Бой был коротким и закончился победой партизан. Путь был расчищен. Колонна тронулась. Разведрота опять вышла вперед.

Спустилась ночь. Вокруг темень непроглядная. Шли, держась друг за друга. Наталкивались на камни, падали, молча подымались и шли дальше. Несколько лошадей свалилось с обрыва.

С горем пополам прошли по краю пропасти. Послышалась команда: «Стой!»

– Идти вслепую опасно, — сказал Ковпак. — Выставить охранение и дать людям пару часов отдохнуть. А тем временем посветлеет.

Люди валились прямо на дороге и мгновенно засыпали. Справа внизу проходила шоссейка Делятин – Яремча. Оттуда доносился непрерывный гул моторов. Двигались колонны автомашин. Однако это не мешало партизанскому сну.
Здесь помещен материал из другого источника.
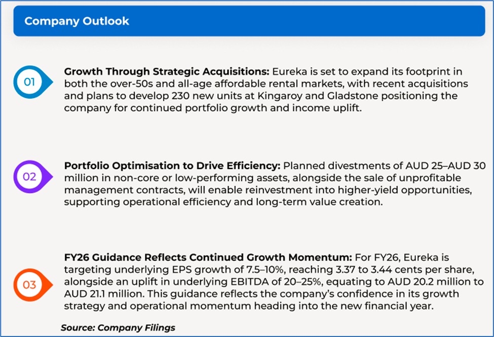 Company Overview: Eureka Group Holdings Limited (ASX: EGH) provides independent rental accommodation to independent retirees who are supported by the Australian Government pension. The company was listed on ASX on 01 July 2004. Kalkine’s Real Estate Report covers the Investment Highlights, Key Financial Metrics, Risks, Technical Analysis along with the Valuation, Target Price, and Recommendation on the stock.
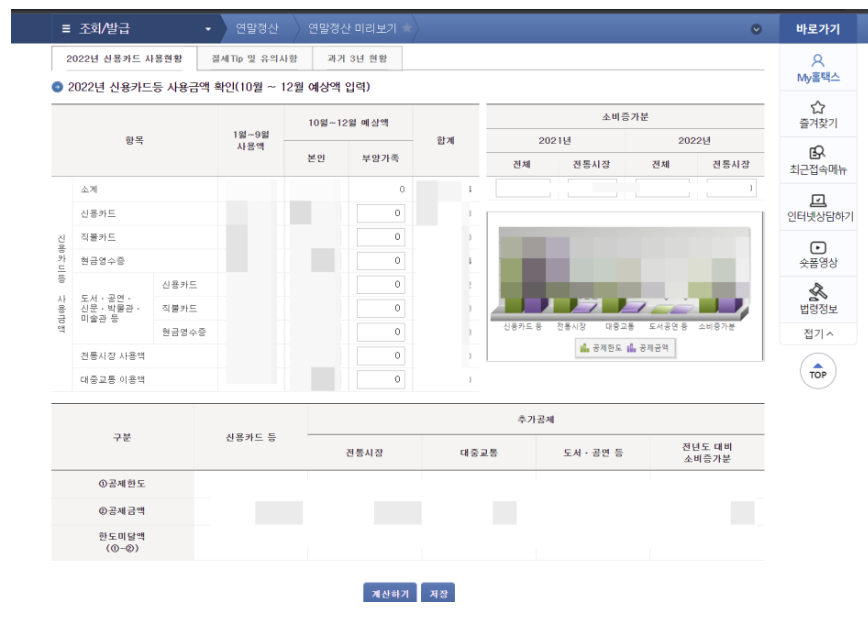 1단계인 신용카드 소득공제액 계산하기 입니다. 9월까지의 신용카드 사용액이 집계되기 때문에 앞으로 3달치 사용액을 더 추가하긴 해야합니다.
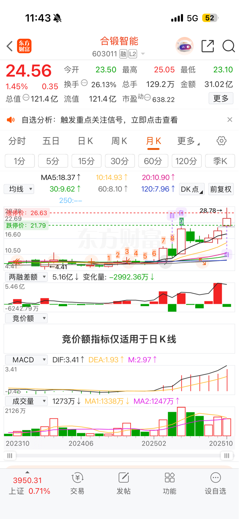 $合锻智能(SH603011)$ 周线来看还可以,最近在补补量防止获利盘太多,量化多拉几次
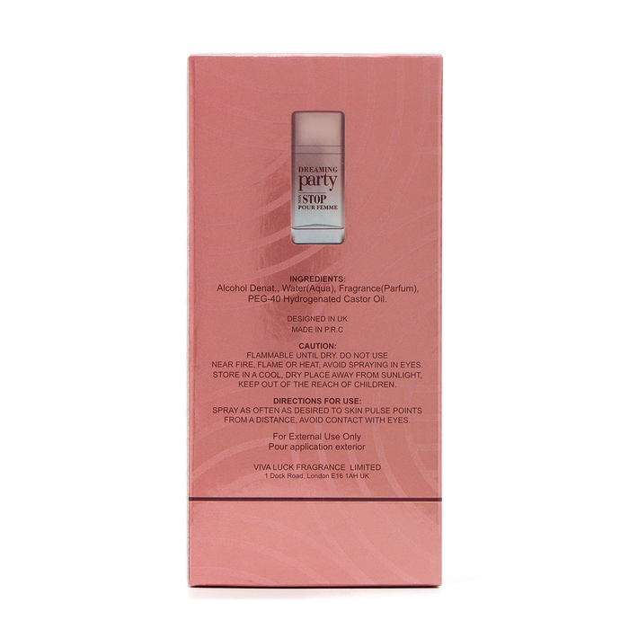 Dreaming Party – это композиция из нот розового шампанского в окружении оттенков цветов персикового дерева и древесных аккордов.
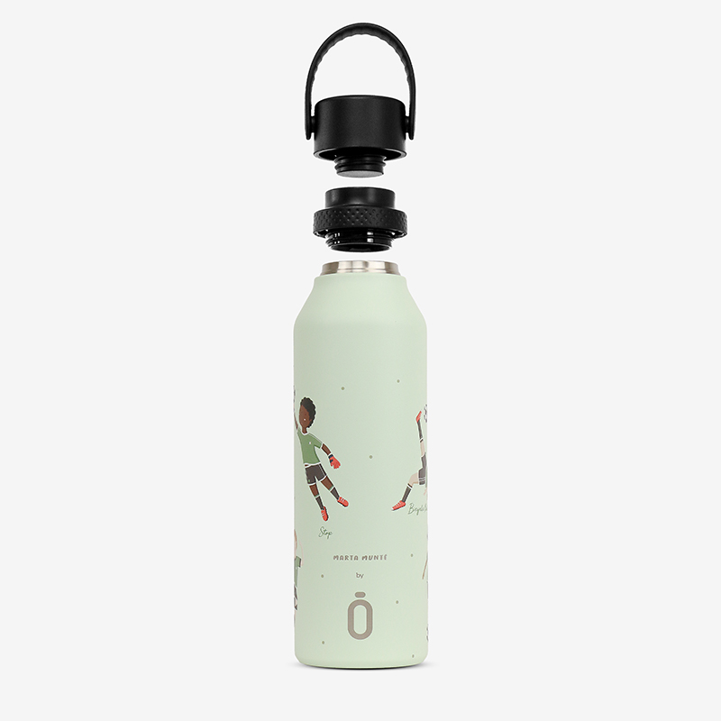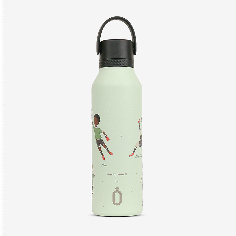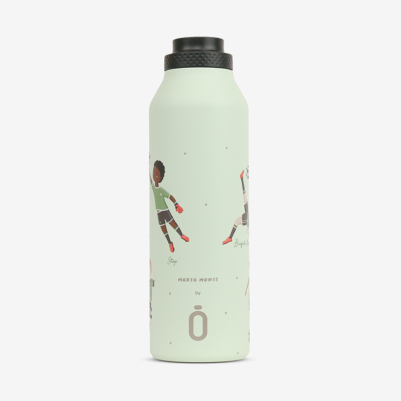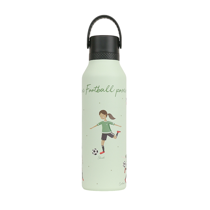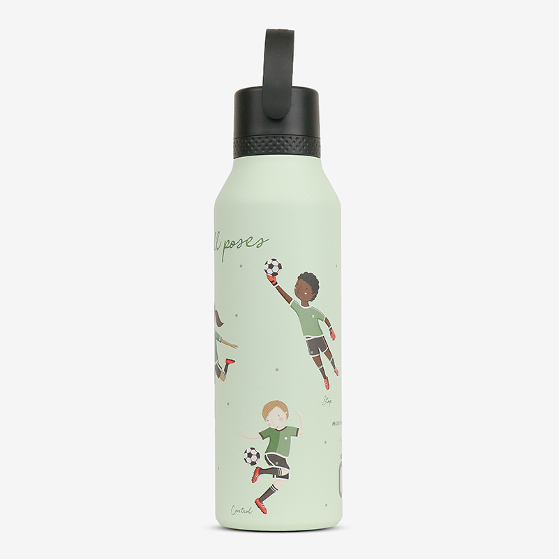 Футбольные мячи и кроссовки создают динамичный рисунок для настоящих чемпионов. Большой объем незаменим на тренировках и матчах — хватит надолго утолить жажду. Конденсат не образуется снаружи, руки остаются сухими во время игры. Ударопрочный корпус готов к самым активным играм на поле и за его пределами.
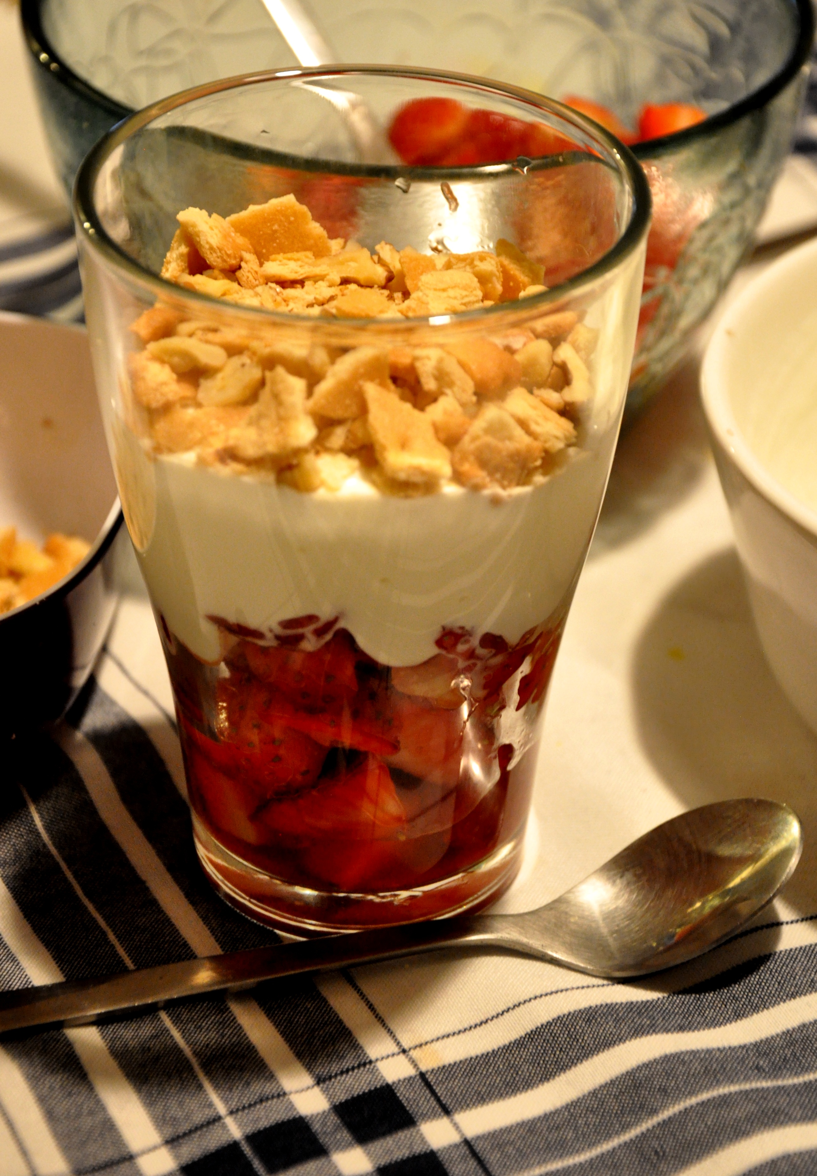 But sometimes it’s the quick and easy that reward you just as much: chop up a few strawberries, add sugar and any liquor you prefer (I am personally currently in love with a sugar-cane-rum-thing that is just divine), whip up some Greek yoghurt with (ah ehm) sugar (I have a sweet tooth and am not afraid to admit it), crumble plain biscuits, then layer. In this order. Or any other, as you wish. It doesn’t really matter, see, because the textures and the tastes are so different yet complimentary that in whatever order you put them into your mouth, they’re perfect. Sometimes, in season, I add a little bit of mint leaves to spice the whole thing up. I’ve seen them with whipped cream instead of yoghurt, but I think the feel is too light, too fluffy for this plate.
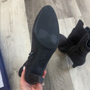Elevate your style with these chic black ankle boots. Perfect for any occasion, these boots offer both comfort and elegance.
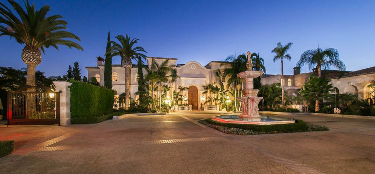 Situada en el icónico barrio de Beverly Hills (Los Ángeles), el Palazzo di Amore ocupa una superficie de 100.000m2. De estas diez hectáreas, cinco mil metros cuadrados son dedicados a espacio habitable. Distribuida en varios edificios, la vivienda alberga 12 dormitorios y 23 cuartos de baños. Otro referente de la casa es un precioso viñedo con más de 400 cepas de uvas syrah y cabernet. Además, la propiedad dispone de su propio centro de entretenimiento que incluye una bolera, un teatro y sala de cine con 50 asientos de capacidad y su propio vestidor, así como una discoteca y una pista de baile giratoria. Tampoco falta un spa de estilo turco, una piscina de 38 metros de largo, un salón comedor para atender a 250 invitados y una bodega con capacidad para 3.500 botellas.
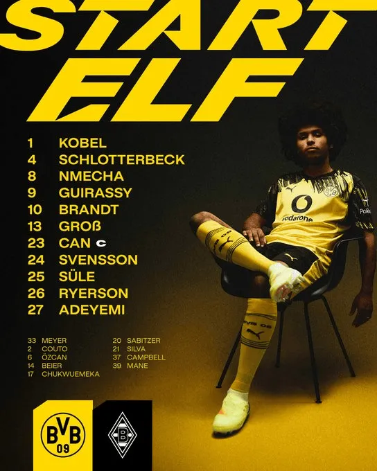 虎撲12月19日訊 德甲第15輪,多特蒙德主場對陣門興格拉德巴赫。賽前,雙方公布首發(fā)陣容:
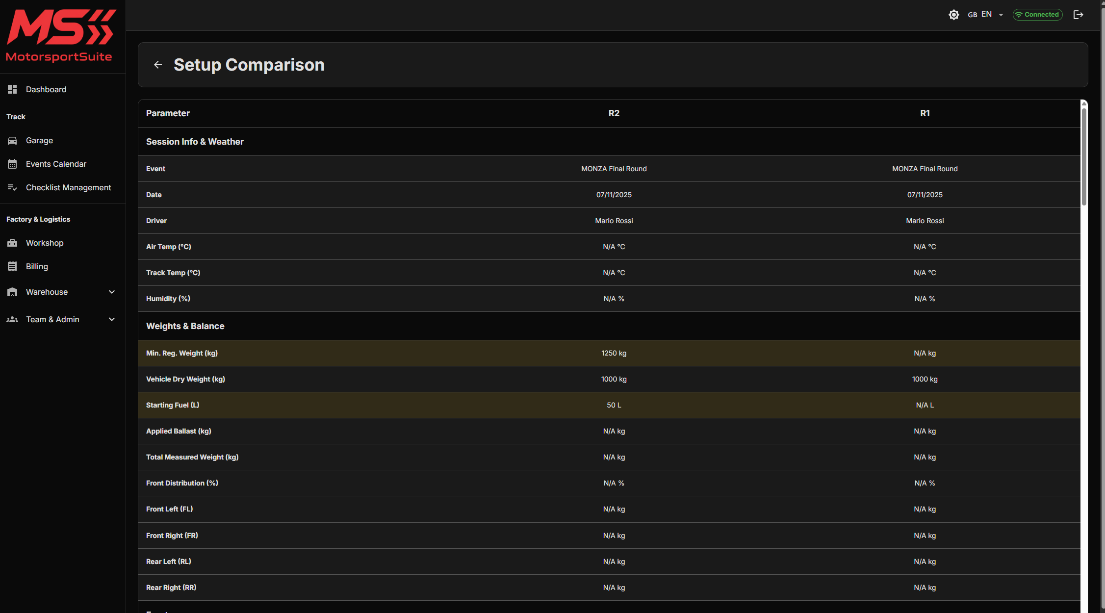 During sessions, access a view optimized for the pit wall. See essential data, driver notes, and targets in real-time.

Уснул и я…

Разведчиков разбудил Вершигора, так и не сомкнувший глаз за ночь. Начало сереть. Из темноты вырисовывались очертания деревьев. Долина тонула в густом тумане. Казалось, мы находимся над облаками.

– Время выступать, — сказал Петр Петрович. - Идите, не ожидая колонны. До нашего прихода разведайте Синичку.

К Синичке подошли вместе с первыми лучами солнца. Задержались на опушке леса перед полониной. В лесу тишина. Только слышно, как с ветки на ветку перепархивают птицы. На разнотравье под лучами солнца серебром переливаются росинки.

Недалеко от опушки леса на полонине стояла пастушья хата. Не заметно никаких признаков жизни. Где же отары, которые мы вчера видели с горы?

Соблюдая предосторожность, выбрались на поляну и вошли в хату. Никого. В печке вмазаны два больших котла. В углу прямо на полу – куча грязной каменистой соли. На лавке несколько кусков брынзы и засохшего овечьего сыра. Гапоненко разрезал их на кусочки по количеству разведчиков. Каждому достался кусочек величиной с половину спичечной коробки. Хлопцы положили их в рот и сосали.

Выслав три отделения для осмотра леса за полониной и горы Синички, я с остальными товарищами тщательно обследовал хату, надеясь найти что-либо из продуктов. Напрасные старания.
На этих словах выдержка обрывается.